Unintelligible Lambda Tricks

Gerson Kurz gerson.kurz at t-online.de
Thu Feb 21 23:20:00 EST 2002


On Thu, 21 Feb 2002 19:44:34 -0800, chajadan <python at chajadan.net>
wrote:

>data.__setitem__(4,42)
>
>def swap(a,x,y):
>a[x] = (a[x], a[y])
>a[y] = a[x][0]
>a[x] = a[x][1]
>You can write this as a lambda expression like this:
>
>>swap = lambda a,x,y:(lambda
>>f=a.__setitem__:(f(x,(a[x],a[y])),f(y,a[x][0]),f(x,a[x][1])))()
>
>I don't understand why __setitem__ takes 2 arguments, but in the lambda () 
>there are 3...

Well, it doesn't? Its a matter of bracket counting. Here is what the
expression does:

swap = lambda a,x,y:(lambda
f=a.__setitem__:(f(x,(a[x],a[y])),f(y,a[x][0]),f(x,a[x][1])))()

Take out these parts:

part_1 = f(x,(a[x],a[y]))
part_2 = f(y,a[x][0])
part_3 = f(x,a[x][1])

Those are our three swap statements from above. Note that part_1 is a
function that takes a tuple of *two* elements: x, and a tuple. Its not
three elements! This is just like the code in the "regular" swap()
function above. 

So you can think of the lambda as

swap = lambda a,x,y:(lambda f=a.__setitem__:(part_1,part_2,part_3))()

(this is not valid python, its just to show the structure of the
code). Next, the inner lambda function is just a helper. By defining

lambda f=a.__setitem__:(expression that uses f)

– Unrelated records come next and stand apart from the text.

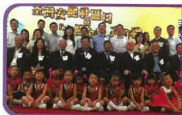
高班學生參與2013年荃灣安健社區日嘉年華表演並與眾嘉賓大合照
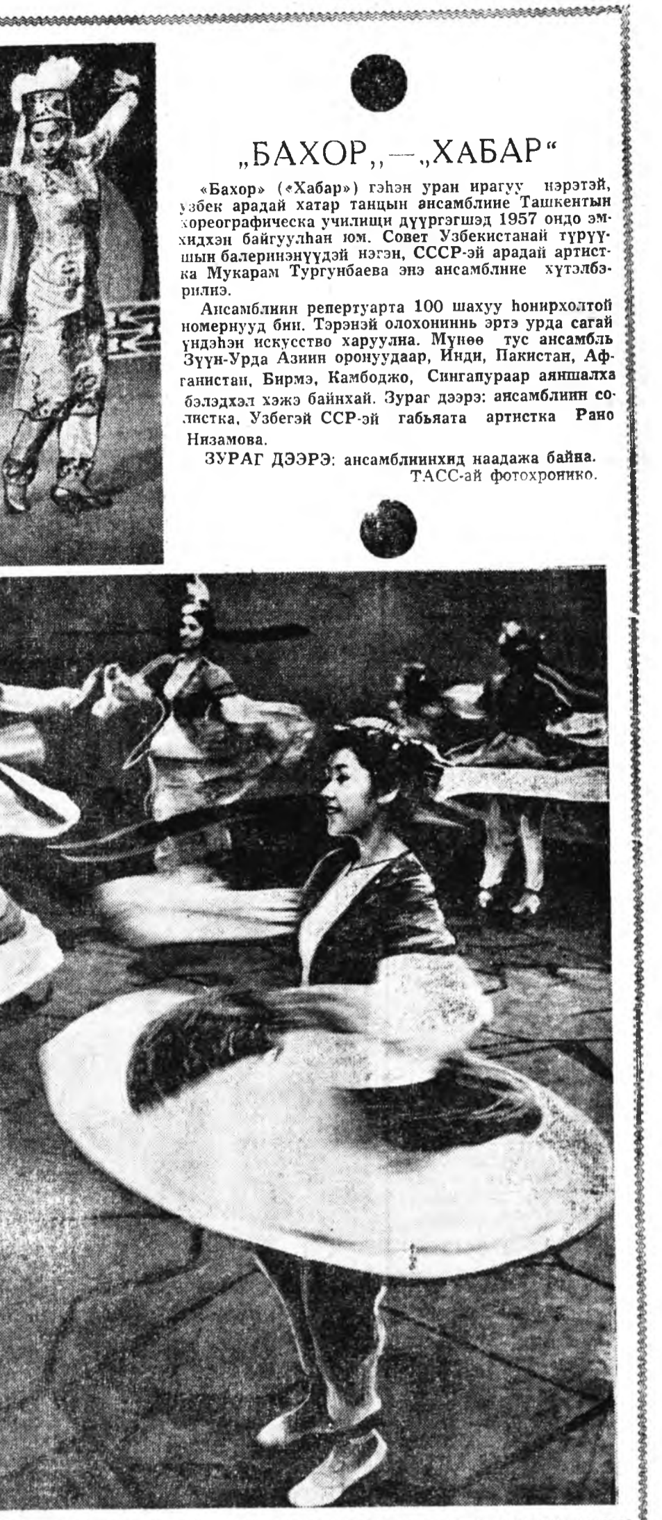
«Бахор» («Хабар») гэжэн уран ирагүү нэрэтэй, узбек арайдай хатар танцын ансамблине Ташкентин хореографическэ училищны дүүргэсэд 1957 ондо эмхилдэн байгуулан юм. Совет Узбекистанай түрүүшын балетизациудэй нэгэн, СССР-эй арайдай артистка Мукарам Тургунбаева энэ ансамблине хүтэлбэрилнэ.

Республиканынай «Урожай» бүл гэмэй хуураг хонкей наадагд профессоруудай үбэлэй спартаки адны наада үргэлжэлдүүлэ. Энэ му рысөөндэ Ахын, Түхэнэй, Кабан скийн, Хлагтын, Сэлэнгийн, Зага райн, республикын хонкей наада гдлай мурысөөнуудэ нэгэтэ бэй нэжэ чемпион яобан Хорини ко манданууд хабаадласа. Хорини, Түхэнэй аймагуудай команданууд түрүүшынээ уулза гдануудта байнаар, чемпинон нэр дэ хүргэжэ болоозор үрэ дүнтэй гөөр наада. Хоринийхид Сэлэн-Дүү мын РМЗ-гай командэ 10:0, түн хэнэйхид Загарайн командэ 6:0 гоотоогоор шүүэн байдаг. Кабанскийн Ахын аймагуудай команданууд уулзага шанга наадаглар үргэлжлэхэ. Гэжэ наа, кабанскийнхидыг нүгөөдү лэ 4:3 гоотогоор иланан байна. Наадаг үргэлжлэхөөр, Зураг дээрэ: сэлэнгийнхидэй воротгай дэргэдэ.
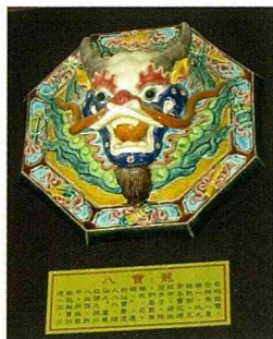
交趾陶藝品—八寶龍
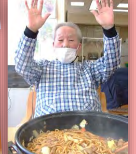
男性ご利用者が腕を振るって下さいました！ホットプレートへ野菜、豚肉を豪快に入れられ、丁寧に炒めて下さいました☆
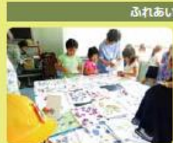
ふれあいフライデー
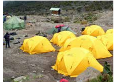
Zeltlager am Kili

Kreditkartenzahlung: Die Bezahlung Ihrer Reise mit Kreditkarte ist prinzipiell möglich. Bitte beachten Sie, dass hier teilweise Spesen entstehen können. Bitte kontaktieren Sie uns diesbezüglich telefonisch.
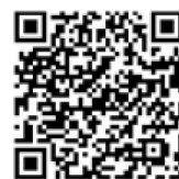
「友だち登録」 二次元コード
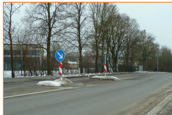
Querungshilfe in der Dreiländerstraße
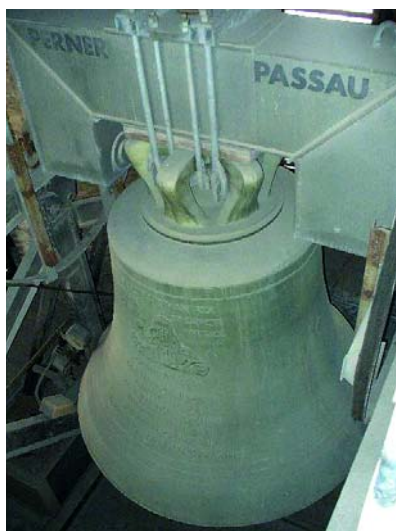
Magyarország legnagyobb tömegű harangja a Szent István harang

indultak. Fél év alatt készült el hatástanulmányuk és marketing tervük. Az uniós pályázaton nyert 19 millió forint és Óbuda önkormányzatának támogatása tette lehetővé a kiállítás létrehozását. (Folytatása a 9. oldalon.)
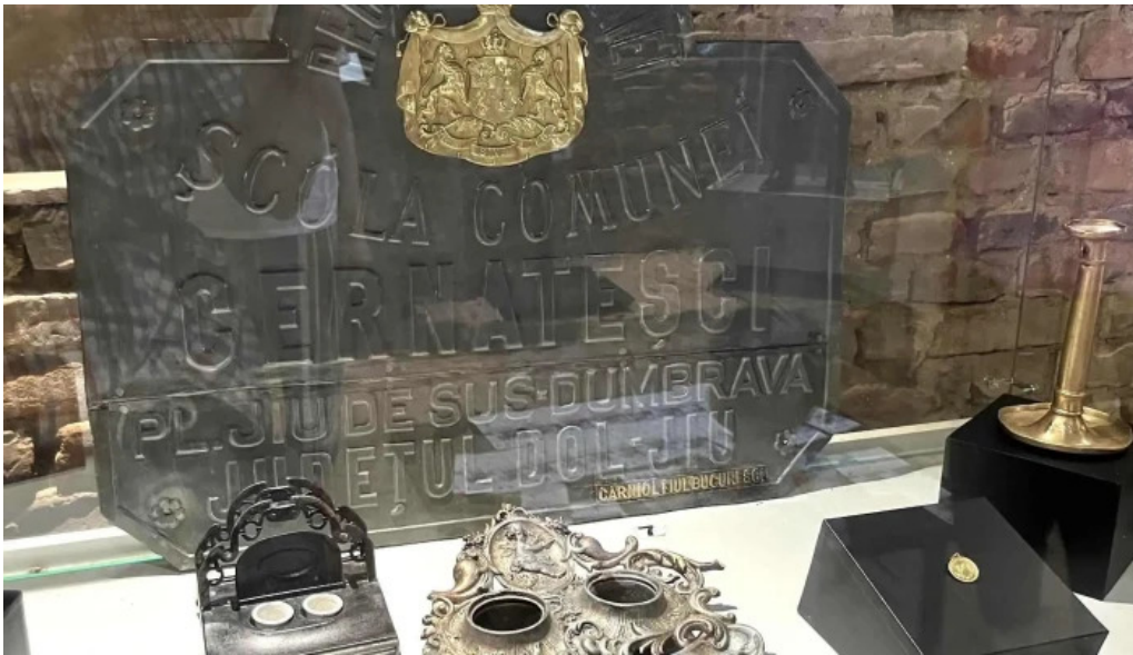
Cula cernatestilor unde
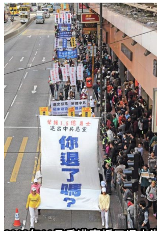
2013年11月香港声援三退大潮

《九评》以详尽的史实全面揭露了中共的反人类、反宇宙的邪恶本质, 让人们逐渐清醒地认识到中共不等于中国, 它是中国一切灾祸的根源。由此而引发了中华民族精神觉醒, 至今, “三退”人数已超过一亿五千万。
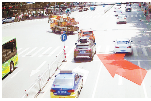
5月14日11:19,黄河路与邙山路交叉口,豫LRC055不按导向行驶,罚款50元、扣2分。
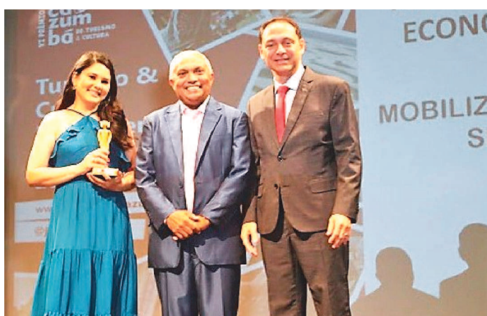
O SEBRAE-MA RECEBEU O TROFÉU CAZUMBÁ, NA CATEGORIA, TURISMO, INOVAÇÃO E ECONOMIA CRIATIVA.
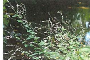
盗人萩 ヌスビトハギ
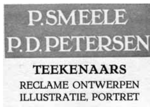
Afbeelding 3. Embleem Piet D. Petersen en Piet Smeele.
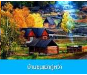
บ้านชนเผ่าถู่หว่า
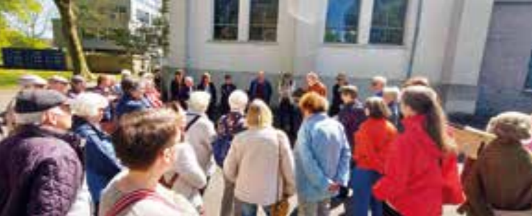
Vor der Ev. Jakobus Kirche begann der Stadtteilspaziergang im April.
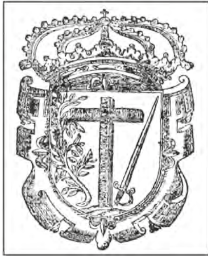
Escudo de la Inquisición.

principio quedaba sujeta a la autoridad del Tribunal, aunque su jurisdicción se extendiera más tarde a otras áreas.
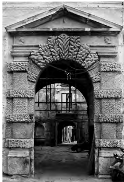
Fig. 7. Palermo. Palazzo Spatafora, portale.

Il secondo gruppo è costituito dai portali del palazzo Mezzoiuso in via Divisi e del palazzo Roccella in via Toledo [figg. 11-12], con semicolonne fasciate da un bugnato rustico uniforme e privi di timpano. Nel primo caso non mancano soluzioni curiose (pentaglifi sopra i capitelli) ma è nel palazzo Roccella, databile agli anni Settanta del secolo 29 , che si riscontra una accentuata propensione verso il "capriccio" e la "bizzarria". Qui il sistema dell'ordine fasciato viene esteso ai registri superiori e invade l'intera facciata. A Serlio si possono ricondurre non solo il motivo dei triglifi (o tetraglifi) a mensola pre-
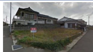
鹿児島県いちき串木野市(土地) 譲渡額約350万円
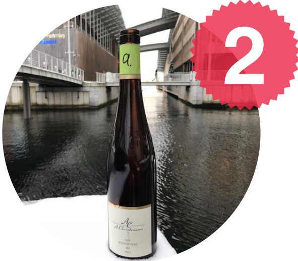
2, A. Christmann Meerspinne GG 2015
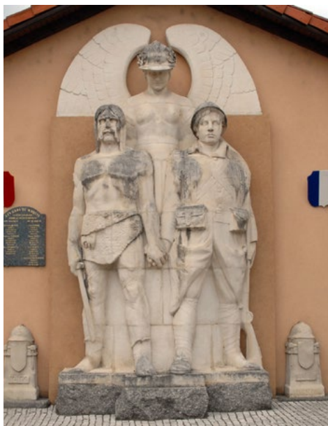
Le monument de Boën (Loire)

Pour vous procurer une illustration, contacter Patrimoine Rhônalpin pra@patrimoine-rhonalpin.org
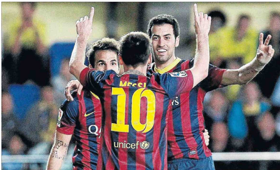
Messi celebra un tanto señalando el cielo, en recuerdo de su abuela.
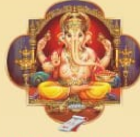
॥ શ્રી ગણેશાય નમઃ ॥
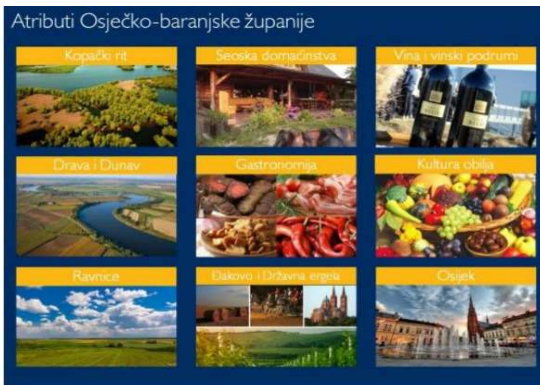
Slika 3. Atributi Osječko – baranjske županije
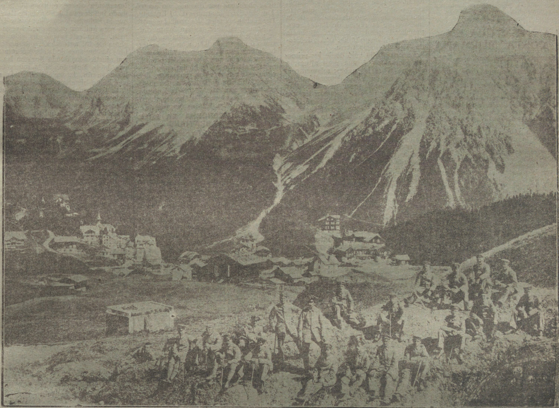
Tropas alemanas alpinas durante un descanso en un reconocimiento.

M. MALVY PROTESTA CONTRA SU CONDENA ANTE EL PRESIDENTE DE LA CAMARA FRANCESA.—LA SITUACION POLITICA Y MILITAR DE RUSIA.—NUEVOS EXITOS SUBMARINOS.—LA LUCHA ENTRE EL ANCRE Y EL OISE.—RADIOGRAMAS DE HOY
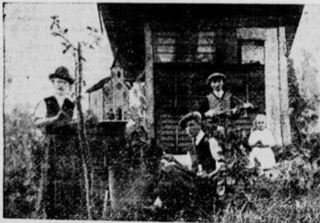
Čebela vedno najde svoji pani, čeprav se je bila oddaljila več kilometrov

Zato še ta mesec poravnajte naročnino za »Domoljub« pri župnem uradu ali pri našem zastopniku v svojem kraju ali pa po priloženi položnici!
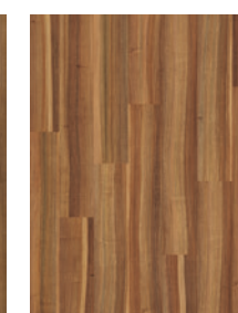
NOGAL REFINADO ● PRO L0239-04319 ● L0339-04319
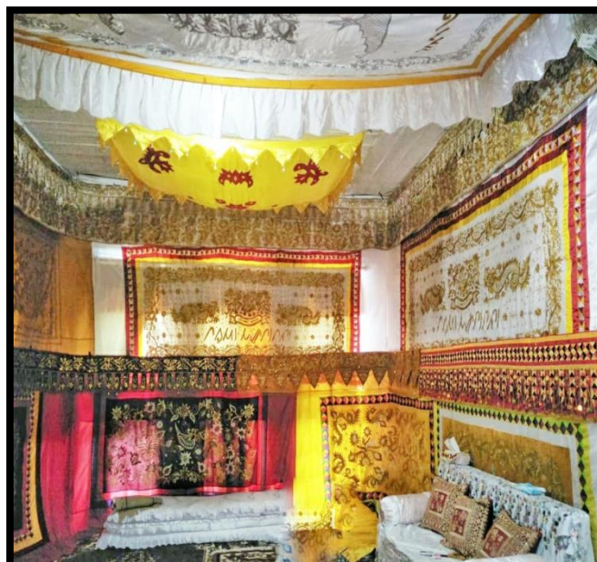
Gambar 2.2 Leluhukh

Leluhukh biasanya terdapat moti belah ketupat dimana dalam penempatannya bisa dipasang di bagian atap-atap tepat di atas ruangan tempat singgasana pengantin yang berfungsi untuk menghiasi atap-atap ruangan upacara adat.
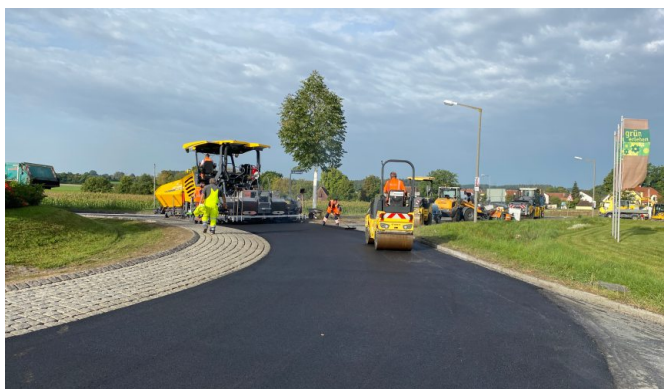
Die Arbeiten auf der B 14 gehen gut voran.

Der Fahrbahnbelag weist in diesem Abschnitt vermehrt Verdrückungen und Querrisse auf, die sich über die gesamte Fahrbahnbreite erstrecken. Auch die Fahrbahnfläche des Kreisverkehrsplatzes der B 14 auf Höhe der Hofäckerweg in Stein ist betroffen. Um die Arbeiten schnellstmöglich durchführen zu können, wird in der Zeit von 6 Uhr bis teilweise in die Dunkelheit um 21 Uhr gearbeitet. Dabei wird der alte Straßenbelag bis zu einer Tiefe von zehn Zentimetern abgefräst und dann eine neue Asphaltdecke eingebaut. Die Erneuerung wird auf einer Länge von rund 700 Meter in vier Bauabschnitten und unter einer halbseitigen Verkehrsführung mit einer Ampelregelung durchgeführt, so dass stets ein Fahrstreifen wechselseitig befahrbar ist. Für jeden Bauabschnitt ist etwa eine Woche terminiert. Im Rahmen der

I define a function that can use "f" in any place it would have to
write a.__setitem__. Writing three times "f" is shorter than writing
three times "a.__setitem__". To invoke that expression, include it in
brackets and add a (), as in 

(function-declaration)()

so, mystery solved, I hope ;)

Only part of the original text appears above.